Thanks to basketball-reference, a website without which I would probably die, I just found out that today is De’Aaron Fox turned 21 years old today. In America, a person’s 21st birthday means a lot because it’s the age when you can legally drink alcoholic beverages. So, when the clock struck midnight, Fox magically transformed from a child who can’t be trusted to make good decisions about alcohol into a full-fledged adult who can drink as much as he wants whenever he wants.
It would be a good time for some kind of story where the Kings all take De’Aaron to a bar somewhere and get him real loaded and then they go on some kind of adventure that is beset by hilarious mishaps, but I used up all my energy retelling the true tale of how me and my Buddy Hield statue escaped from the zoo after Buddy killed a bunch of people. There’s just no more desire to write a complicated narrative sprinkled with funny dialogue. So I’ll give you a quick rundown of what would have happened had I written that story:
The whole Kings squad goes out to celebrate De’Aaron’s birthday even though they lost. But he’s such a fierce competitor that his spirits are dampened even though it’s his birthday so he should be happy. Iman Shumpert comes up with the idea that they should do a beer bong, so they find a funnel and some tubing in a dumpster and make De’Aaron chug a bunch of beer through the beer bong. Everybody else is drunk too.
De’Aaron has never gotten drunk before and he doesn’t know how to handle it, so he starts picking fights with the other dudes at the bar and they get kicked out. While everybody argues about what bar they should go to next for more drinks, De’Aaron orders an Uber for himself so he can go home because he feels horrible. He wanders away from the group and gets into a car that he thinks is his Uber, but it’s actually Russell Westbrook trying to kidnap him because Russell is mad that he was shown up so hard by De’Aaron.

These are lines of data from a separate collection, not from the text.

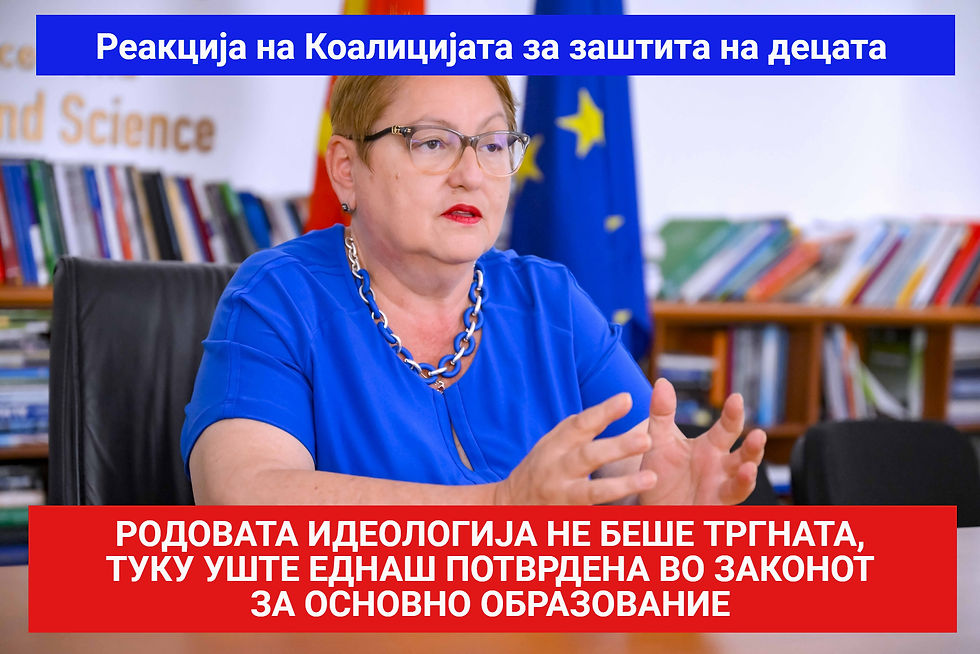 Коалицијата за заштита на децата изразува длабоко разочарување поради привидните промени во Законот за основно образование, со што практично не се поставуваат никакви бариери за заштита на децата од родовата идеологија и се создава простор за појава на енормни проблеми. Имено, иако минатата година Коалицијата и партнерите се одзваа на повикот на Министерството за образование и наука, и голем број народ го кажа својот став по однос на тоа какви измени треба да се направат на Законот за основно образование, и иако читавме храбри изјави од министерката Весна Јаневска дека наводно родовиот иденетитет ќе биде сосема тргнат од самиот закон, сега е веќе евидентно дека она што ни беше медиумски пласирано е далеку од вистината.
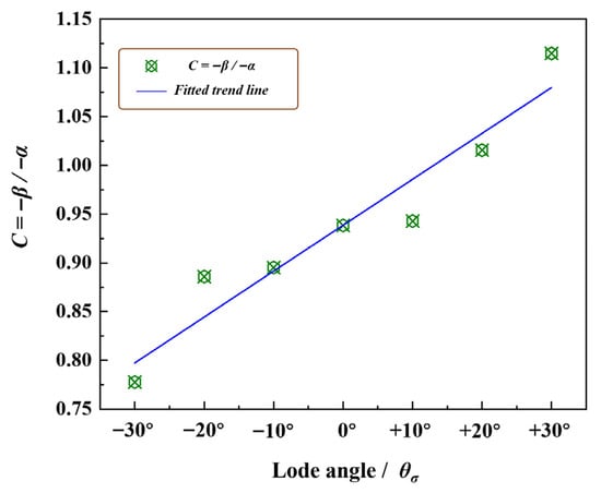 To facilitate a clearer analysis of the AE energy rate and AE hit count rate across the entire data window, normalized coordinate axes were used to plot fitted trend lines (generated by the commercial data analysis software Origin 2024). The corresponding slopes of these trend lines were subsequently extracted. A new parameter denoted as C = −β/−α was then defined, where β and α denote the slopes of the fitted AE energy rate and hit count rate curves, respectively. This parameter C serves as a quantitative real-time indicator of fracturing intensity in rocks under 3D stress. As illustrated in Figure 8, C increases consistently with increasing θσ, indicating enhanced severity of rock failure at higher Lode angles. This trend is consistent with the observations from Figure 4, Figure 5 and Figure 6, further corroborating that elevated θσ promote more abrupt and intense fracture behavior.
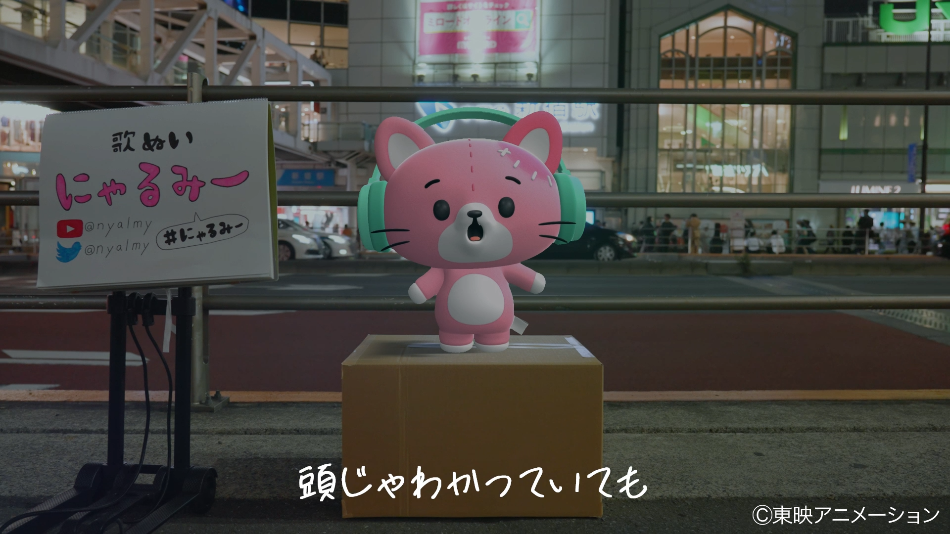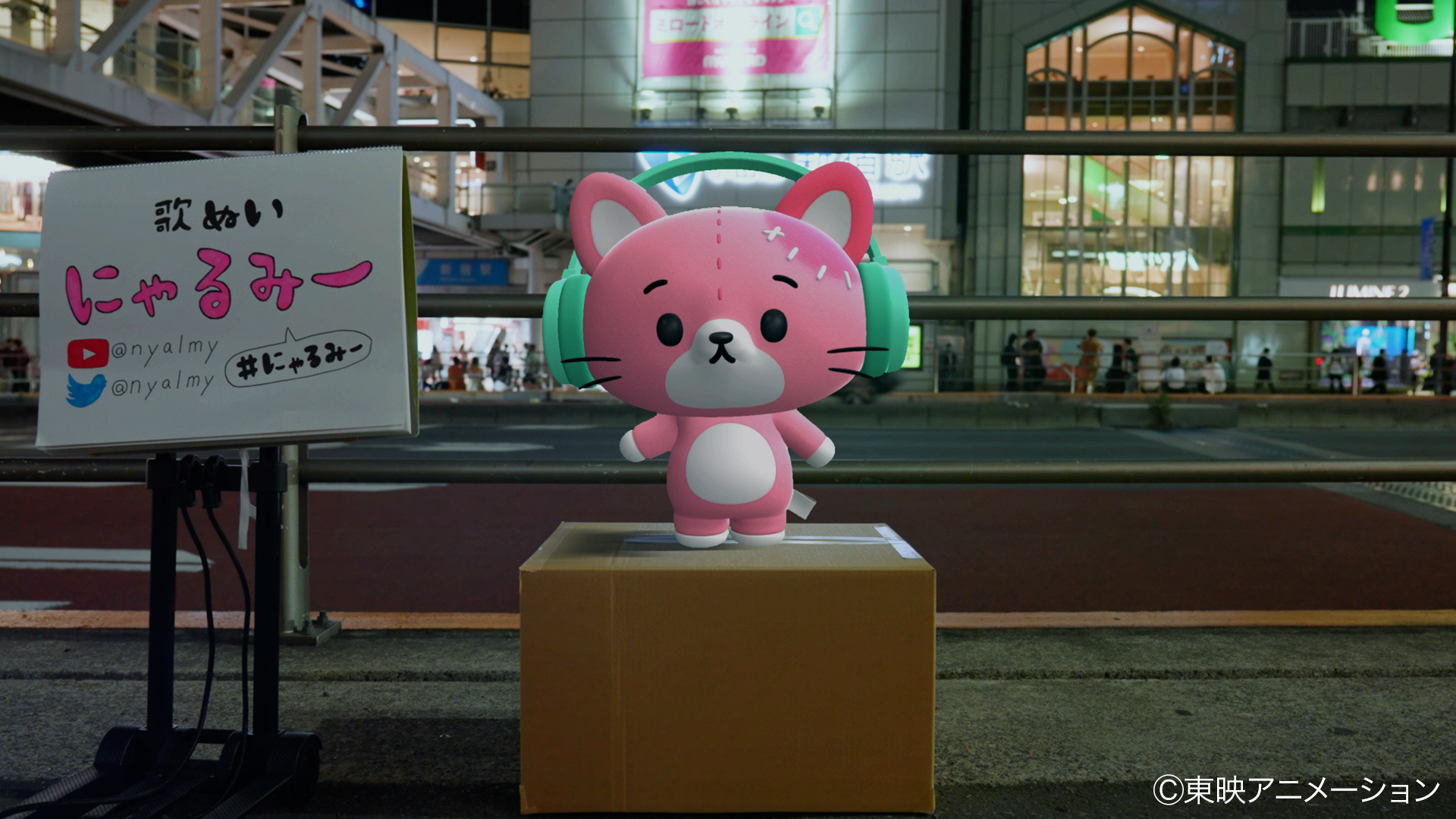 「歌ぬい にゃるみー」は、YouTube上で展開するぬいぐるみ「にゃるみー」による路上ライブをメインとした歌動画コンテンツで、東映アニメーションのオリジナルの実験的なキャラクターとしてスタートしました。見た目のかわいらしさとは裏腹に、どこか寂しさも感じさせるぬいぐるみが路上ライブをする物語です。
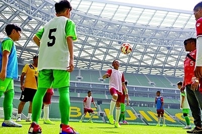 來自青海玉樹的40名藏族青少年參加“青海玉樹藏族青少年北京行”公益活動,與國安少年足球隊交流。新華社發(fā)
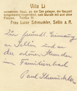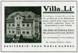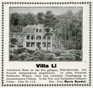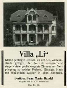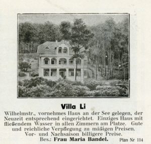 Frau Schmuckler hieß mit Vornamen „Luise“. Aus ihrem Vornamen wurde dann der Name der Villa mit „Li“ gebildet. Frau Schmuckler betrieb ihre Villa Li bis 1924 als Pension.
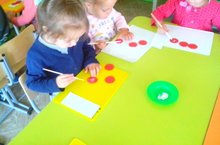 Икенче кечкенәләр төркемендә балалар белән эшчәнлектә түгәрәк формадагы предметлар белән танышуны дәвам итү, ябыштыру алымнарын ныгыту.

So Russell takes De’Aaron to some undisclosed location that’s not his house with the intention of beating him up or something. But De’Aaron is Snapchatting the whole thing because it’s his birthday, so his teammates (who have realized that De’Aaron is gone and they’re really worried) log on to his Snapchat to see where he is. They organize a rescue mission and go to the abandoned warehouse where Russell and De’Aaron are and a huge brawl ensues between Kings players and Thunder players. Willie Cauley-Stein accidentally causes an explosion when his discarded marijuana cigarette ignites some old industrial chemicals that were lying around and in the chaos, they all escape. Cue meaningful ending that illustrates the true friendship that the Kings players share, punctuated by a funny one-liner from De’Aaron to end the description.
That’s how it would have gone down, but it was hard enough just writing the outline. I don’t want to write that whole damn thing.